*** Material provided ***
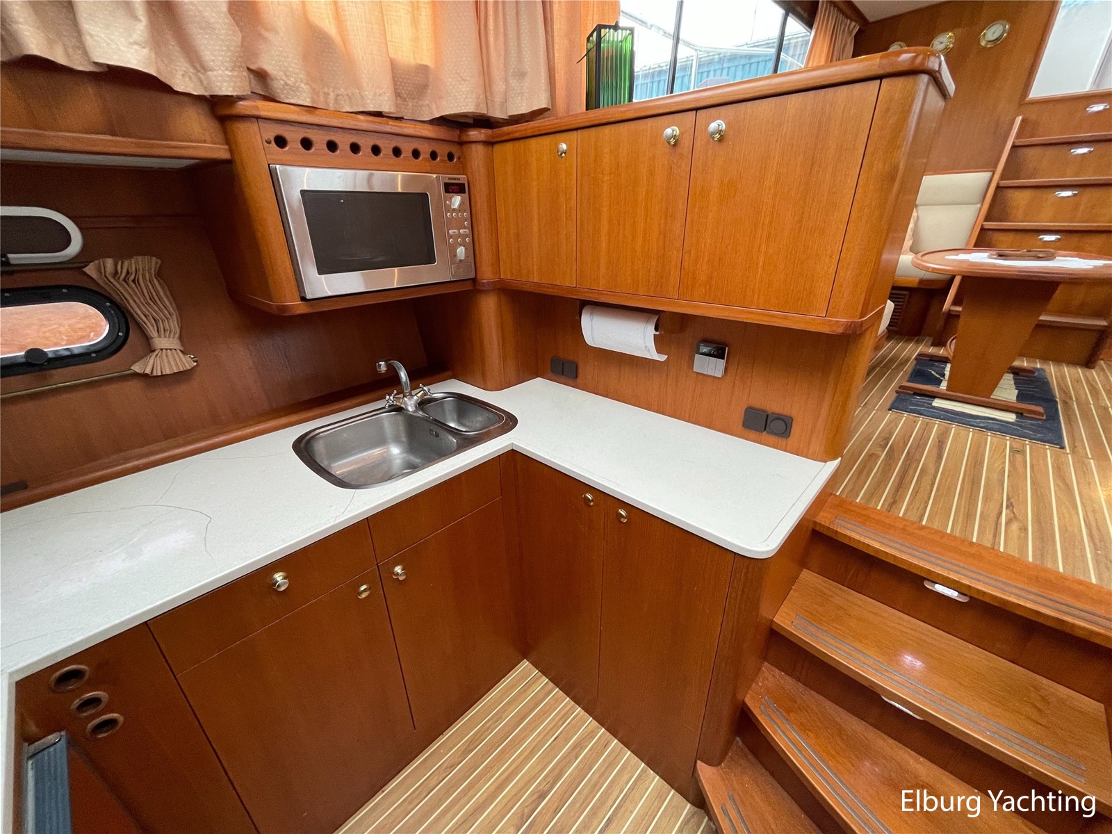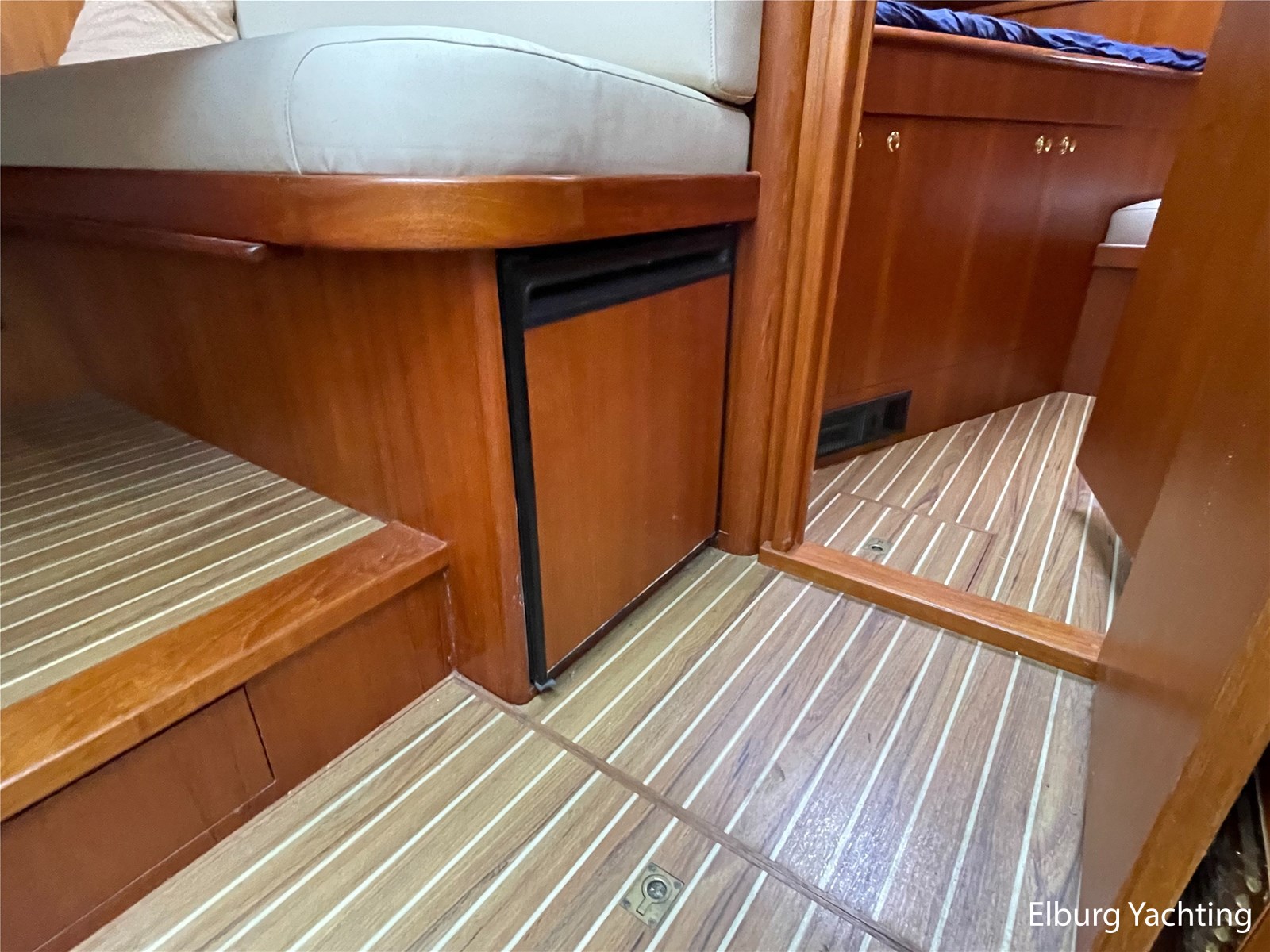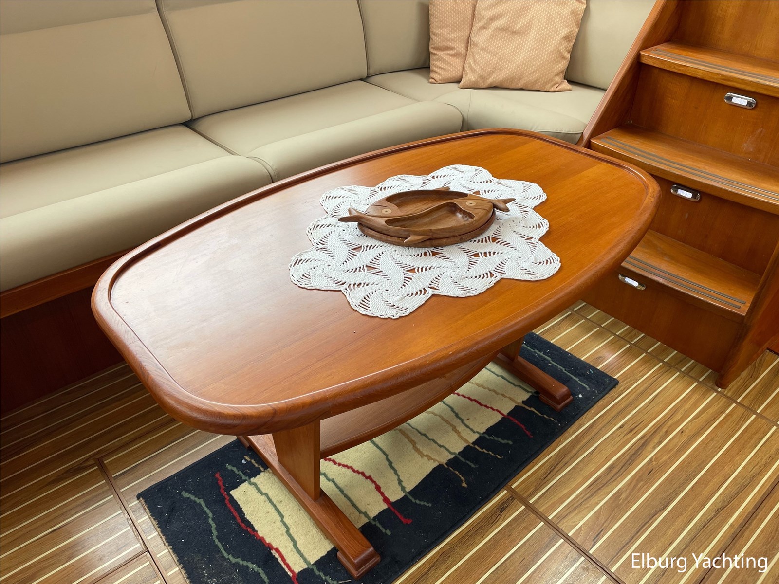 - Solid teak panelling with marine floor throughout the yacht in combination with beige upholstery
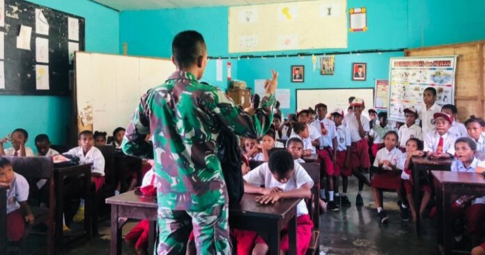 Kab.Keerom – Satgas Pamtas Yonif 132/BS Pos Wembi datang dan memberikan kebahagiaan kepada siswa-siswi SD YPPK WEMBI Di Kp.Wembi, Distrik Mannem, Kab.Keerom, pada hari Jum’at (25/11).
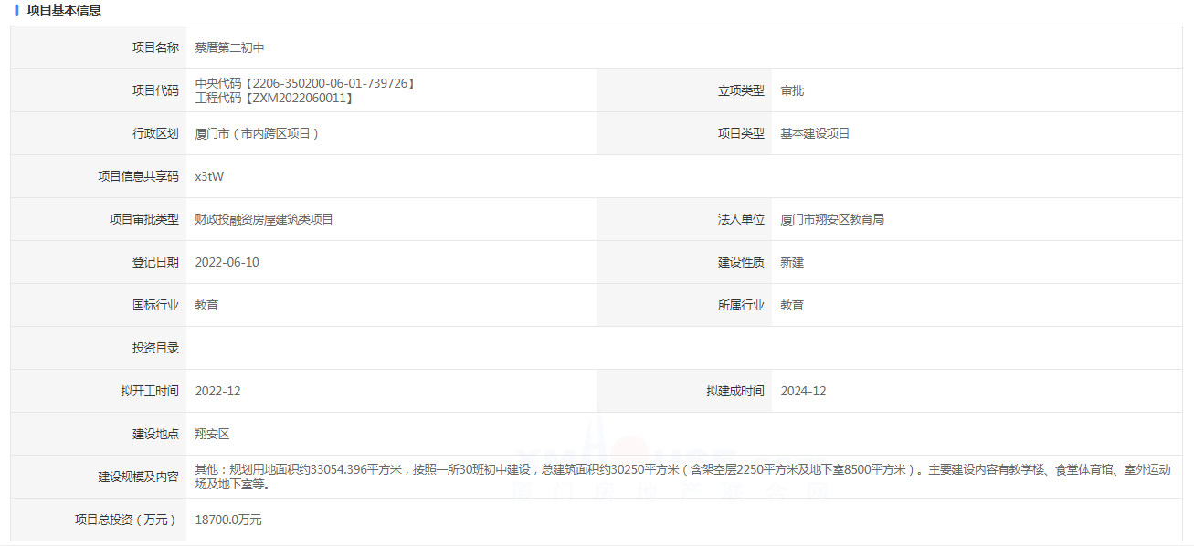 近日,蔡厝第二初中報(bào)建信息公布。
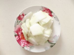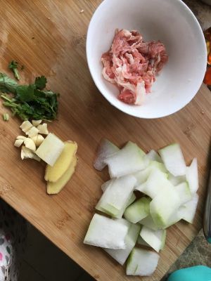 冬瓜去皮去瓤洗净切片,葱切一段,姜切两片,蒜拍一两瓣,羊肉片洗一下去血水,加料酒、几滴生抽,一点盐腌三五分钟
*** End of Material provided ***
Your assignment — Only the text of the listing above should be copied, exactly and with pictures left out.

Response area —
 - Solid teak panelling with marine floor throughout the yacht in combination with beige upholstery
 Kab.Keerom – Satgas Pamtas Yonif 132/BS Pos Wembi datang dan memberikan kebahagiaan kepada siswa-siswi SD YPPK WEMBI Di Kp.Wembi, Distrik Mannem, Kab.Keerom, pada hari Jum’at (25/11).
 近日,蔡厝第二初中報(bào)建信息公布。
 冬瓜去皮去瓤洗净切片,葱切一段,姜切两片,蒜拍一两瓣,羊肉片洗一下去血水,加料酒、几滴生抽,一点盐腌三五分钟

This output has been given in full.